President Weah, who was facing public criticism for choosing a foreign-born lawyer for a top position, yielded to pressure and withdrew Nwabudike’s nomination.

He, however, retained him as head of the anti-graft body.

Sensing blood, civil society groups mounted fresh pressure for the removal of Nwabudike from the Anti-Corruption Commission, while the National Bar Association announced Nwabudike’s expulsion, from the legal fraternity, citing: ‘The doubt raised by the Senate over the citizenship of Counsellor Nwabudike.’

A statement by the lawyers added that the allegations against Nwabudike ‘cast a very dark cloud over the integrity and credibility of the Liberian National Bar Association and the Judiciary’.

Its Grievance and Ethics Committee found out from court records that a ‘purported certificate of naturalisation presented to the Liberian Senate by Councillor Nwabudike showed that he was issued by Criminal Court “B” at the Temple of Justice on May 13, 1982, when in fact that court was called the People’s Criminal Court “B” [at the time].’

The statement added that Nwabudike’s various passports showed five different, and conflicting dates for his birth, while the name on his passports was slightly different to the name given to them.
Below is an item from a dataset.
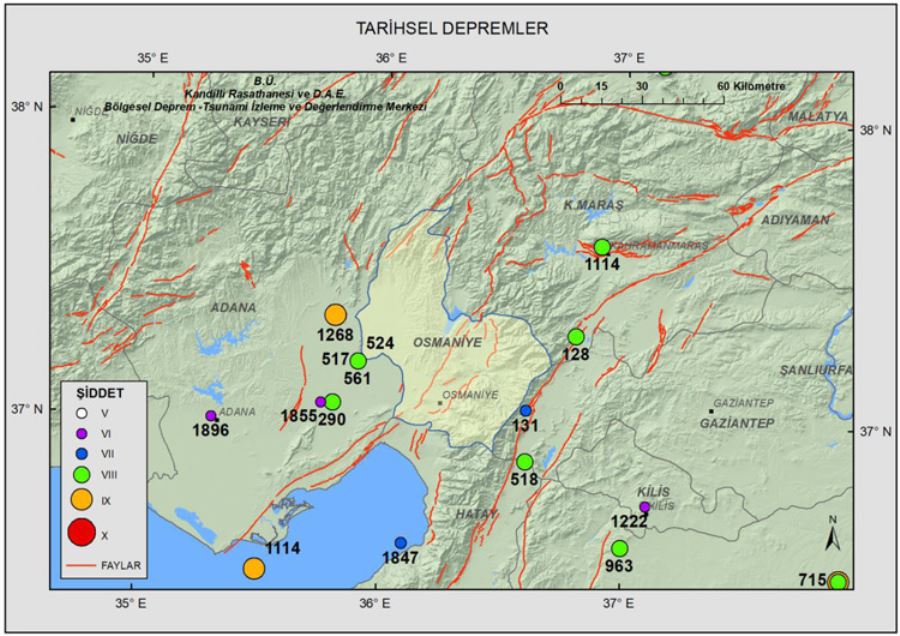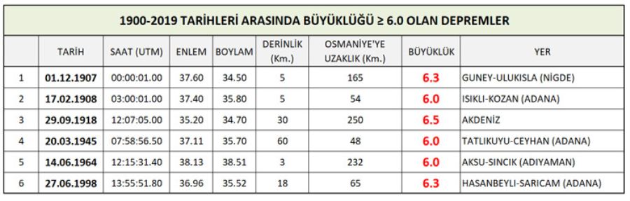 Tarihsel dönemde (M.Ö. 1800-M.S. 1900; Soysal ve diğ., 1981) genelde Doğu Anadolu Fay Zonu’nun ve Düziçi-iskenderun Fay Zonu’nun etkisinden dolayı bölgede şiddet değeri Io=IX olan 1114 ve 1268 depremleri meydana gelmiştir. Ayrıca Osmaniye ili sınırlarının batı

The Bar Association also revealed that the date of birth on Nwabudike’s Liberian ID card was different to the date given on his handwritten wedding certificate – with a different day and different year cited – and that he recorded his citizenship as ‘Nigerian’ on the marriage certificate, despite allegedly being a naturalised Liberian for almost a decade at that point.

Under pressure, Nwabudike submitted his resignation letter to President Weah, stating: ‘The monumental progress made by the government in the fight against corruption, both in the public and private sectors, is being marred by public debate of my person rather than what contribution I can make towards the economic development of our country. It does not serve the overall strategic interest of your government and our people if I were to constitute a distraction from the national agenda.’

Since being forced to resign on February 26, Nwabudike has refrained from media comments.

However, he denies any wrongdoing.

Some supporters of the ruling party claim the campaign against Nwabudike runs contrary to the purpose for which Liberia came into being – as a place of freedom and opportunity for black people and Africans.

But opposition supporters believe the Nwabudike affair highlights the problem with corruption in the country.

‘That a man would fake all legal documents to end up chairing the Anti-Corruption Commission is in itself corruption,’ remarked a government critic on a radio programme.

Outspoken opposition leader Simeon Freeman has called for the prosecution of Nwabudike, arguing that President Weah failed to do due diligence before elevating a man who had only claimed he was a Liberian.